Thanks in advance and your response would be really appreciated!
EDIT
I've got to reproduce the missing NEXT relationship issue again, as you can see in the picture below. This starts to happen from the third time I add a new Second time instant.
I actually create a NodeEntity to operate with the Second nodes. The class is like below.
#NodeEntity(label = "Second")
public class TimeTreeSecond {
#GraphId
private Long id;
private Integer value;
#Relationship(type = "CREATED_ON", direction = Relationship.INCOMING)
private FilterVersionChange relatedFilterVersionChange;
#Relationship(type = "NEXT", direction = Relationship.OUTGOING)
private TimeTreeSecond nextTimeTreeSecond;
#Relationship(type = "NEXT", direction = Relationship.INCOMING)
private TimeTreeSecond prevTimeTreeSecond;
public TimeTreeSecond() {
}
public Long getId() {
return id;
}
public void next(TimeTreeSecond nextTimeTreeSecond) {
this.nextTimeTreeSecond = nextTimeTreeSecond;
}
public FilterVersionChange getRelatedFilterVersionChange() {
return relatedFilterVersionChange;
}
}
The problem here is the Incoming NEXT relationship. When I omit that, everything works fine.

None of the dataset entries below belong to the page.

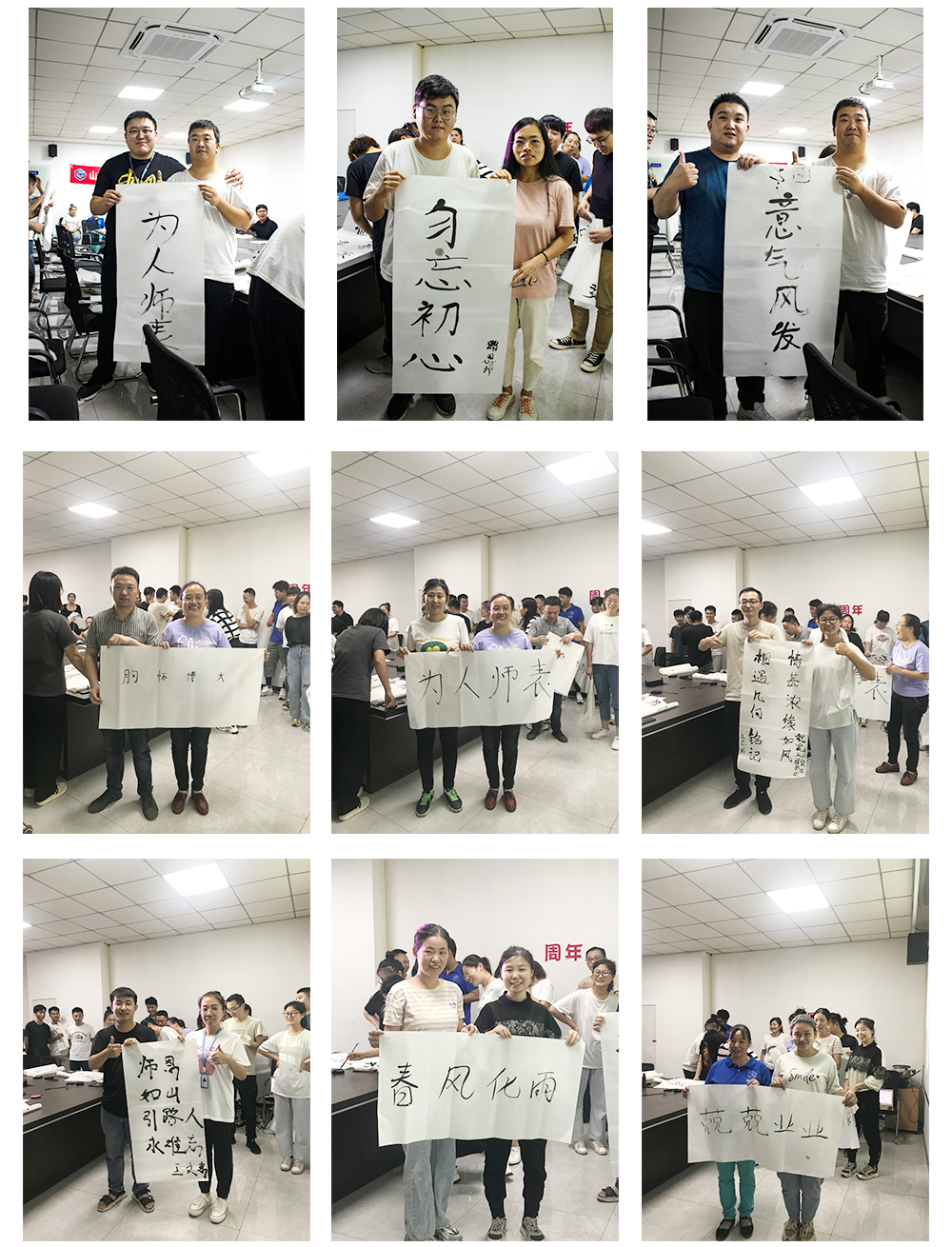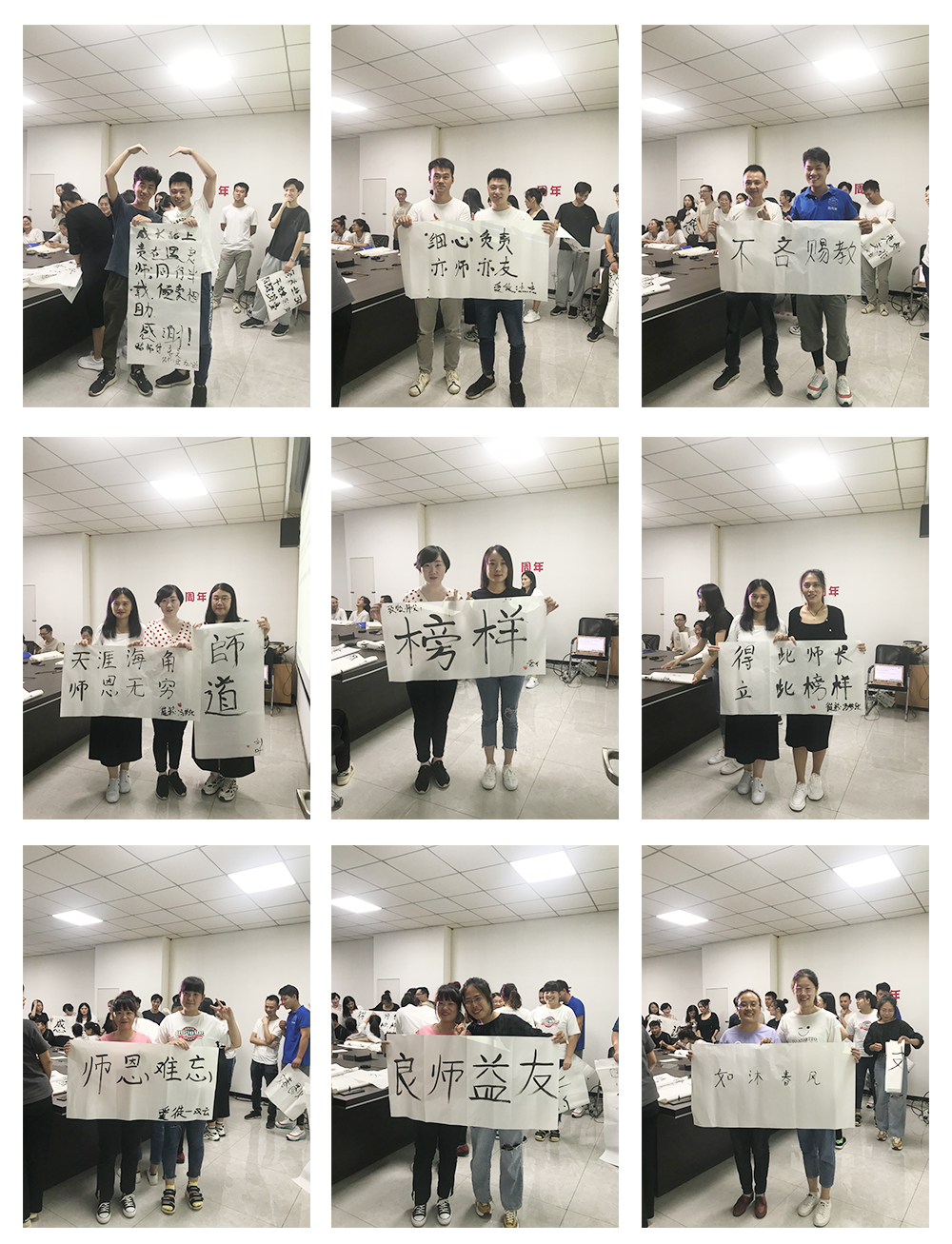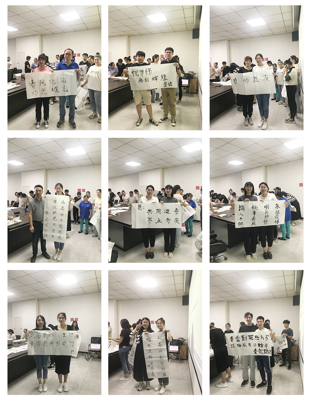 第二個(gè)環(huán)節(jié)是徒弟為師寫(xiě)一幅字,表達(dá)對(duì)師的感恩與敬意。此期間師與徒弟共同完成書(shū)法,徒弟將書(shū)法雙手獻(xiàn)給自己的師,并與師合影留念。濃濃的師徒情誼感染了在場(chǎng)的每一個(gè)人。相信在以后的工作中也定會(huì)師徒齊心,完成前方的困難與挑戰(zhàn)。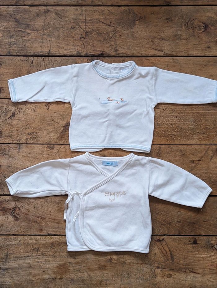 Lot de 2 brassières blanches, motifs discrets, taille naissance #NaissanceDLau : - 1 brassière à fermeture croisée de marque Hema à nouer - 1 brassière avec pressions au dos, de marque Marty Très bon état D'autres vêtements bébé #NaissanceDLau à vendre sur mon profil : n'hésitez pas à faire des lots pour amortir les frais de port !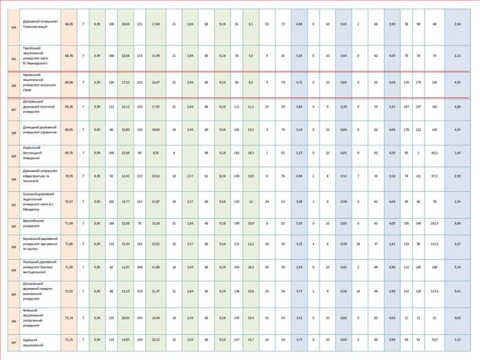 The current rating of Ukrainian Universities were estimated on ten indicators, six are international and four are national.

Sometimes I even get this kind of exception in my console when I create the time instant repetitively with short delay.
Exception in thread "main" org.neo4j.ogm.session.result.ResultProcessingException: Could not initialise response
at org.neo4j.ogm.session.response.GraphModelResponse.<init>(GraphModelResponse.java:38)
at org.neo4j.ogm.session.request.SessionRequestHandler.execute(SessionRequestHandler.java:55)
at org.neo4j.ogm.session.Neo4jSession.load(Neo4jSession.java:108)
at org.neo4j.ogm.session.Neo4jSession.load(Neo4jSession.java:100)
at org.springframework.data.neo4j.repository.GraphRepositoryImpl.findOne(GraphRepositoryImpl.java:50)
at sun.reflect.NativeMethodAccessorImpl.invoke0(Native Method)
at sun.reflect.NativeMethodAccessorImpl.invoke(NativeMethodAccessorImpl.java:57)
at sun.reflect.DelegatingMethodAccessorImpl.invoke(DelegatingMethodAccessorImpl.java:43)
at java.lang.reflect.Method.invoke(Method.java:606)
at org.springframework.data.repository.core.support.RepositoryFactorySupport$QueryExecutorMethodInterceptor.executeMethodOn(RepositoryFactorySupport.java:452)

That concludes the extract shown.